Let's look at the decimal we are accustomed to. We start from the right which is the least significant value. You could start from the left, but then you would have to calculate how many digits you have before you start.

Then the last digit is worth its value. Generally speaking is the value of it times 10 (the base) raised to the position. In case the position is zero (remember that we always start from zero). When I taught I wanted to cry when students did not know that raising to zero is 1. Math teachers often say it's convention. But this exercise helps to understand why it is this "convention." The result is stored somewhere. On paper or in computer memory, it depends on where you are doing the algorithm. If the digit was 5, then we have 5 as a result.

Then we go to the next digit. Again its value is multiplied by the high base to the position. Now the position is 1. So 10 ^ 1 is 10. So if the digit was 3, then we have 30 as a result.

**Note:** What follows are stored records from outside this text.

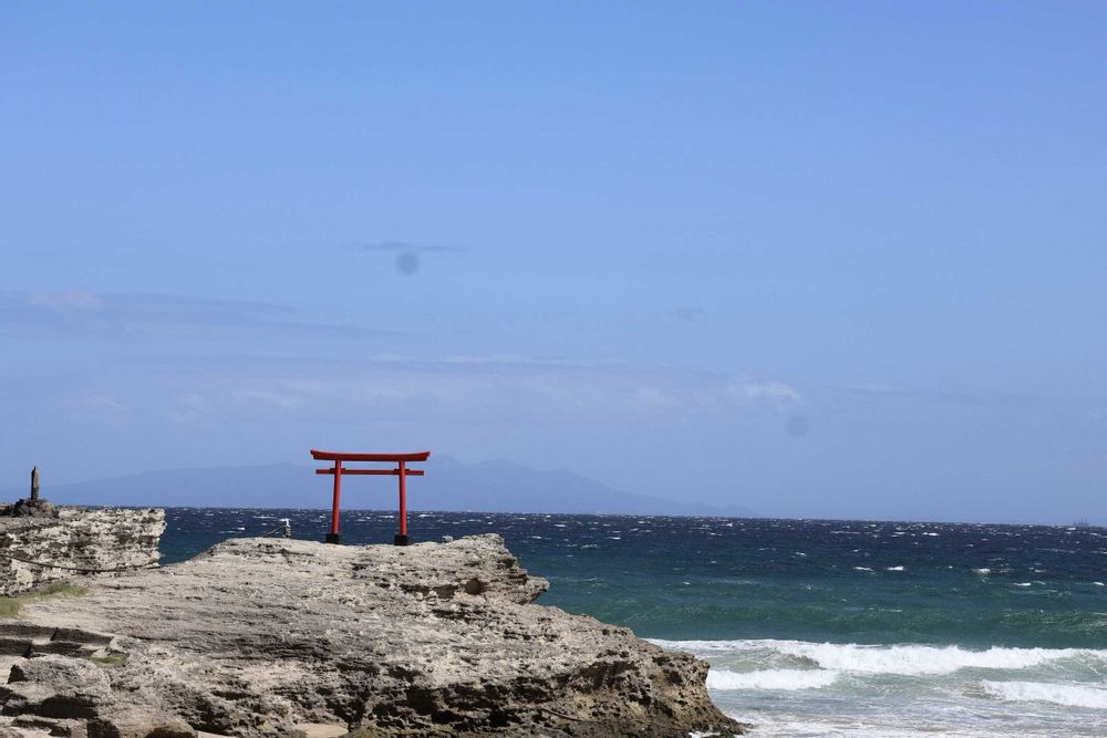 岩礁の上の赤鳥居です
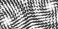 Een Scandinavisch abstract penseelschilderij van geometrische vormen in het populaire XL-panoramaformaat in zwart-wit monochroom.
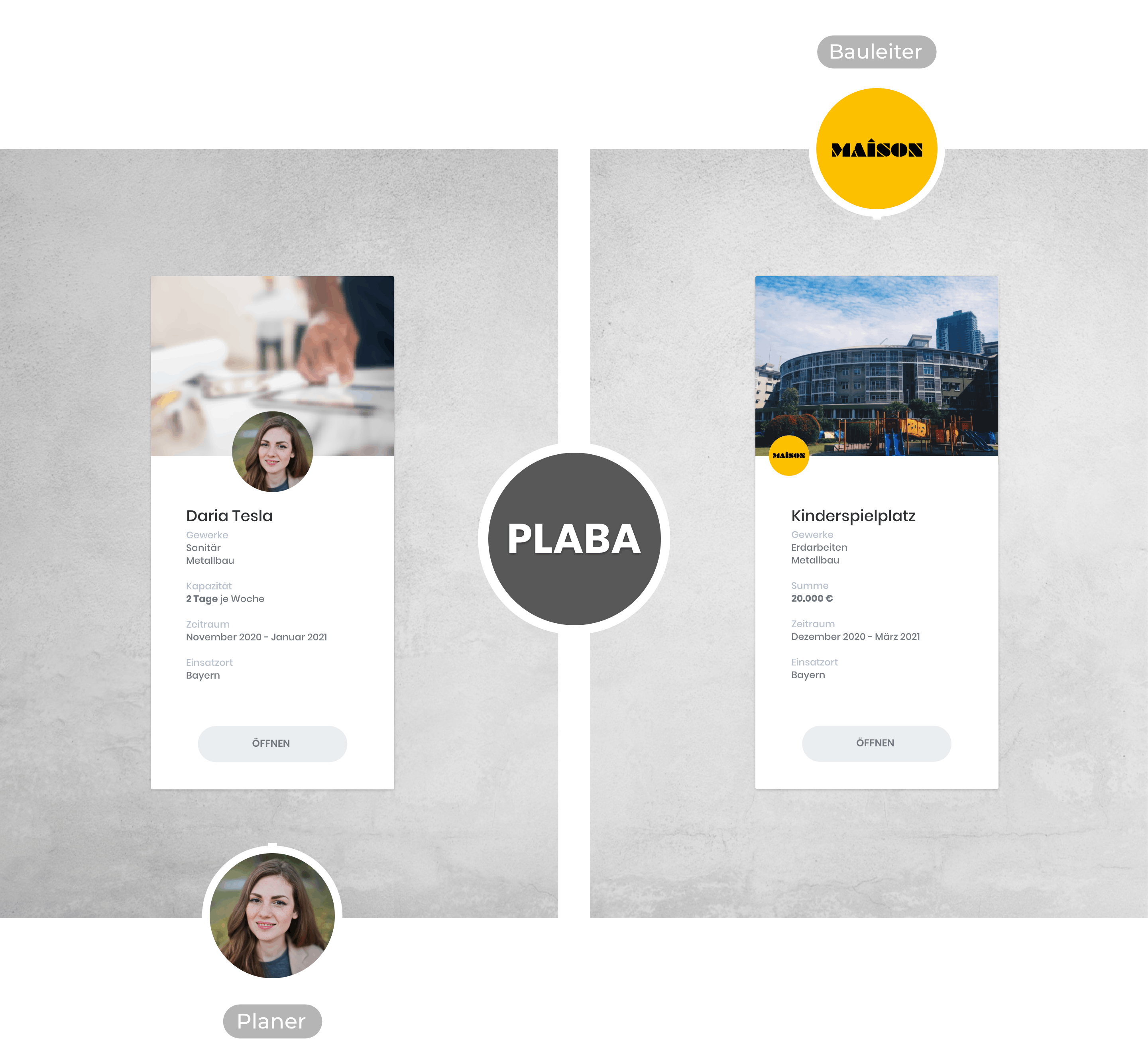 Service DesignDie Online Plattform PLABA hat es sich zur Aufgabe gemacht, die Lücke zwischen Projektgebern und Auftragnehmern mit Hilfe eines Netzwerks zu schließen, welches Planer und Bauleiter direkt und einfach verbindet. Um solch ein Unterfangen adäquat und nutzerorientiert umzusetzen, wurde die Plattform im Rahmen des Service Designs von Grund auf neu konzipiert.

Next we use the digit 6 (for example) times 10 to 2 (next position.

To do otherwise, we change multiplication by division.

If you only have these digits, we add all together and give 635. This is how a printf() or toString() in other languages do to transform the number into representation, or take the representation and generate a number ( parsing , which scanf() usually does.)

The binary only changes the base, the algorithm is the same. So let's go:

0011 1011 0101 from right to left:

1 X 2^0 (1) = 1
0 X 2^1 (2) = 0
1 X 2^2 (4) = 4
0 X 2^3 (8) = 0
1 X 2^4 (16) = 16
1 X 2^5 (32) = 32
0 X 2^6 (64) = 0
1 X 2^7 (128) = 128
1 X 2^8 (256) = 256
1 X 2^9 (512) = 512

Adds all 949.

Now takes 949 and does the other way around:

949 % 2 = 1 -> 949 / 2 = 474
474 % 2 = 0 -> 474 / 2 = 237
237 % 2 = 1 -> 237 / 2 = 118
118 % 2 = 0 -> 118 / 2 = 59
59 % 2 = 1 -> 59 / 2 = 29
29 % 2 = 1 -> 29 / 2 = 14
14 % 2 = 0 -> 14 / 2 = 7
7 % 2 = 1 -> 7 / 2 = 3
3 % 2 = 1 -> 3 / 2 = 1
1 % 2 = 1 -> 1 / 2 = 0

Put together all remains in reverse: 1110110101

For hexadecimal the base is 16, but the algorithm is the same , both on one side and the other. You can even convert from binary to hexadecimal and vice versa, all straight without going through the decimal.

Basically that's it. Now just encode. Or get it ready.

Conclusion

The problem is common: link Making huge is optional . The problem is simple and requires a simple, short solution. Only here it has been asked several times.